Listen AND Follow Up

Giving employees a voice also doesn’t mean your managers abdicate their decision-making responsibilities. They still make decisions but make them after considering employee needs, preferences, issues and suggestions. Effective leaders are always willing to listen, but always follow up. The amount of time dedicated to each suggestion depends on its seriousness. Employees voicing concerns over a manager who is discriminating when assigning work, sexually harassing female staff members or giving favored employees the most desirable projects or work schedules must be taken seriously. Otherwise, your employees are much more likely to seek union assistance.

There are many ways to create opportunities for employees to have a voice. Suggestion “boxes” can be actual boxes or a software system enabling private communication. Alternative Dispute Resolution (ADR) programs enable employees to raise workplace issues without going through costly litigation or bureaucratic government agencies. Some companies hold monthly CEO “let’s talk” sessions, encouraging employees to bring up any topic of interest.
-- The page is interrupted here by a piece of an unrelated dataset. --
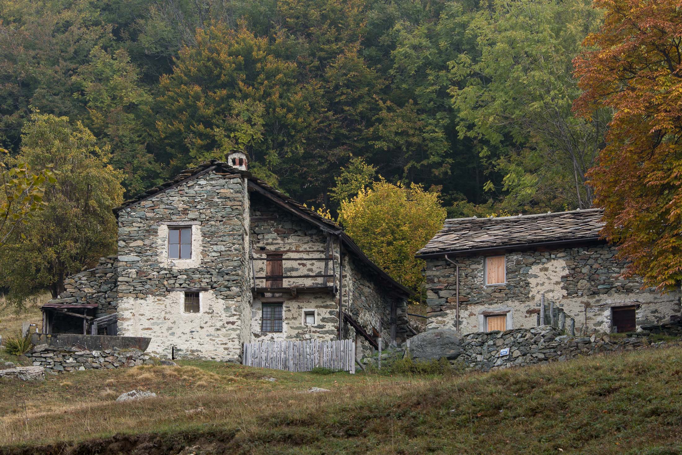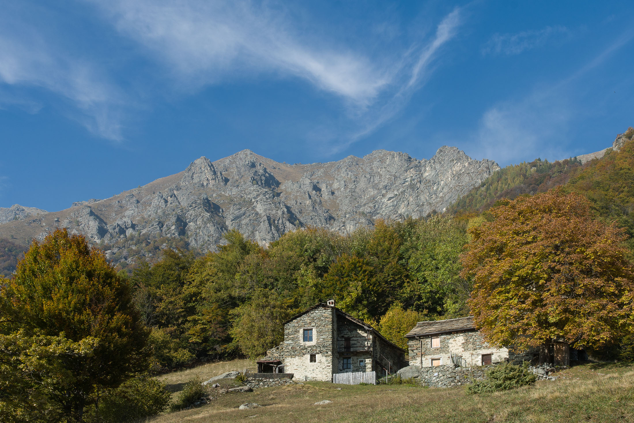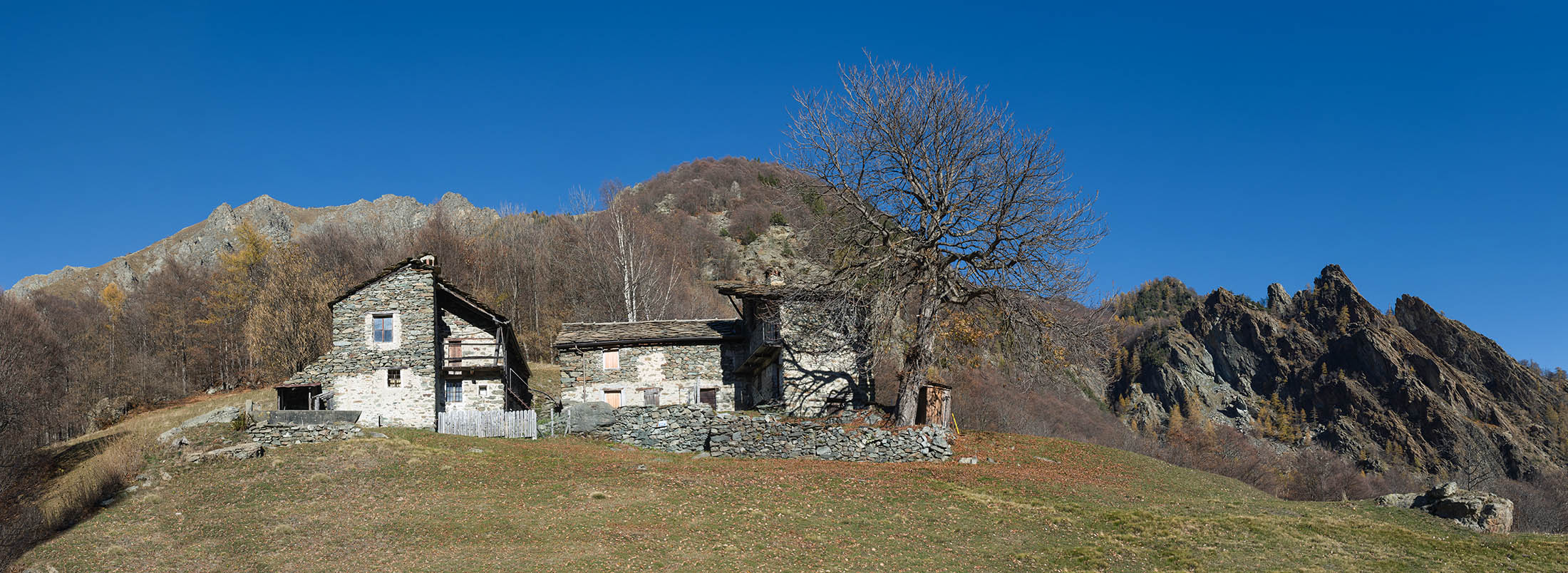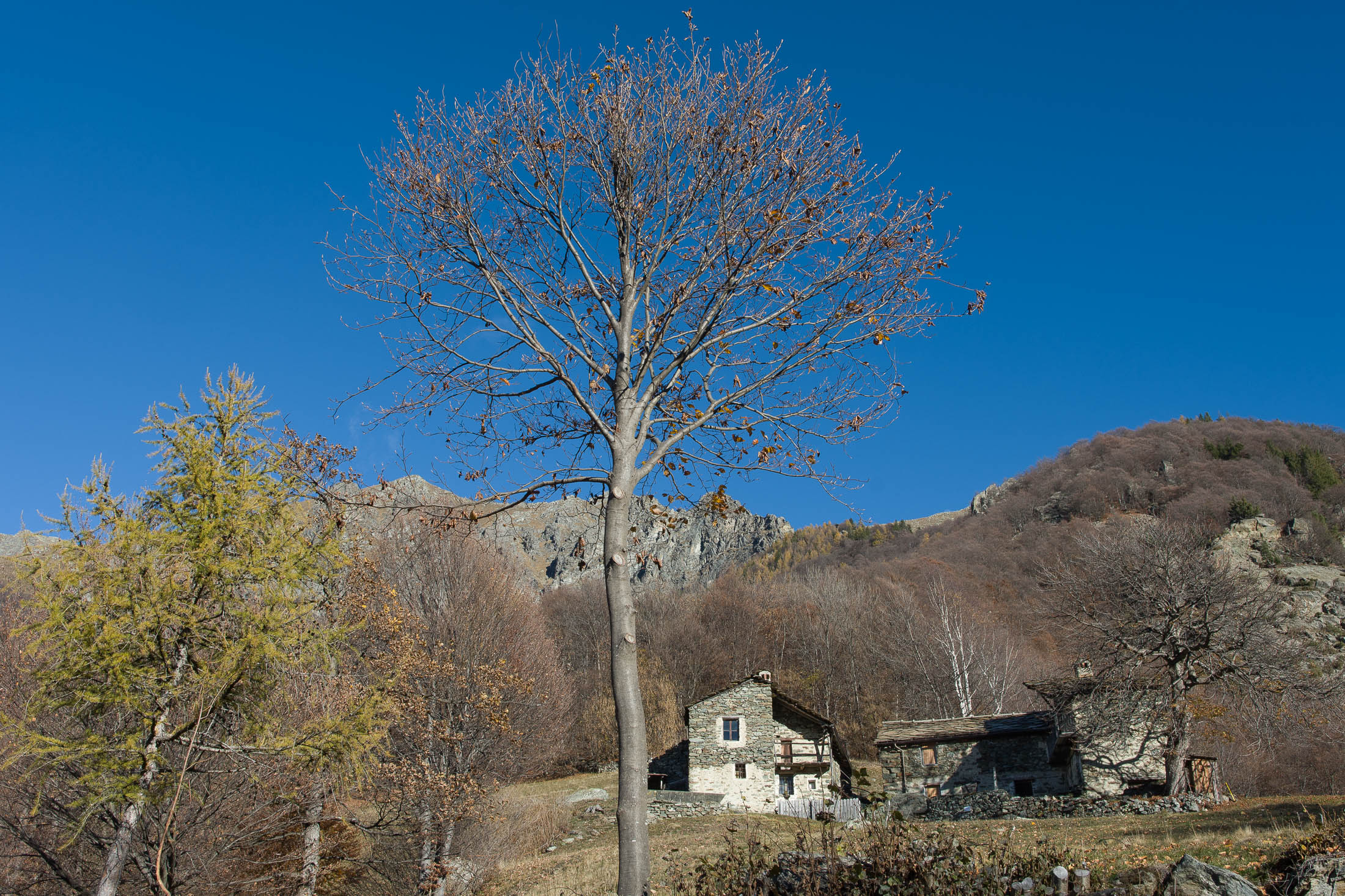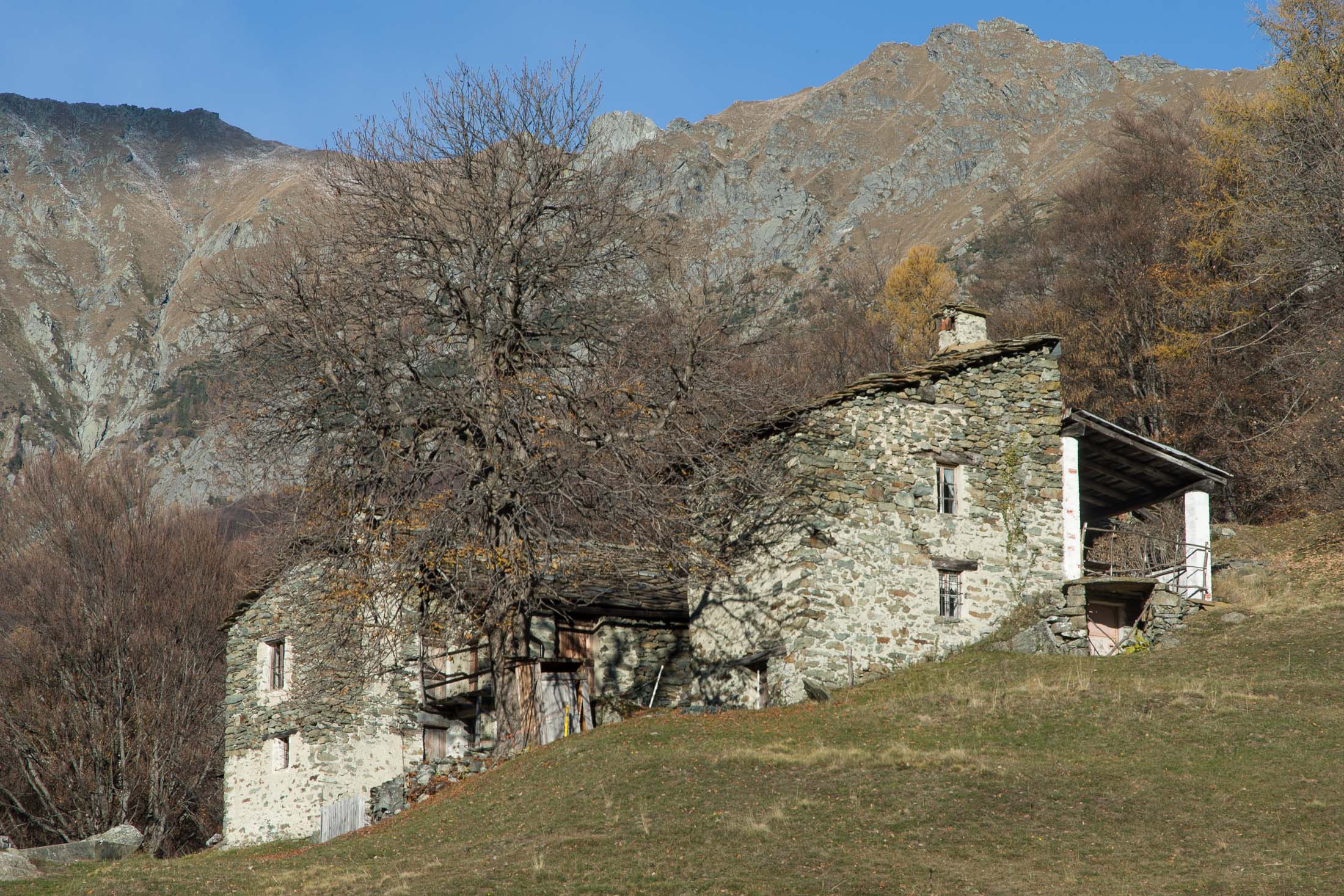 Vom Dorfplatz in Ala di Stura (1075 m) wandert man zunächst auf der Fahrstrasse, wenig später auf schöner Mulattiera zum oberhalb gelegenen Ortsteil Pian del Tetto (1148 m). Trotz der guten Erreichbarkeit und der Nähe zum Talboden wirkt der Ort ein wenig verschlafen. Frühmorgens herrscht hier eine friedvolle Stille, in den verwinkelten Gassen begegnet man keiner Menschenseele, viele der hübsch renovierten Häuser sind heute nur noch am Wochenende oder in Ferien bewohnt. Lediglich die wenigen Neubausünden entlang der Strasse stören ein wenig das ästhetische Wohlbefinden.

Employee Resource Groups (ERGs), employee advisory groups, focus groups, including a diversity of employees on worker-management teams that address workplace problems and periodic brainstorming sessions are other suggestions. Appealing to younger generations of workers are activities like “hack days” that allow them to step away from their regular work to present any creative idea for co-worker feedback, promoting innovation and collaboration. You could hold a quarterly HR hack day during which employees share ideas about improving the workplace and workforce engagement.

Capturing the Employee Voice

Technology also plays an important role in giving employees a voice. The Society for Industrial and Organizational Psychology named the top 10 workplace trends in 2017, and one was “capturing the voice of the employee.” The prediction said that employers will focus on collecting more frequent employee feedback by using innovations to capture that feedback and taking action to enhance employee engagement based on the results. Suggestions included taking employee surveys that include qualitative and quantitative measures, continuous listening/pulse surveys and examination of passive data on employee opinions and behaviors.

Using video, web and eLearning tools are additional tools for giving employees a voice by engaging them in the company’s programs, processes and policies. You can also use mobile apps to keep communication going 24/7 and technologies like Facebook Live to ensure employees have unlimited opportunities to ask questions.

If you don’t give today’s employees a voice, the workforce is likely to have a low engagement level, and the union is going to see an opportunity. Connecting with employees via a two-way communication system is a key element in developing positive employee relations and making unions unnecessary.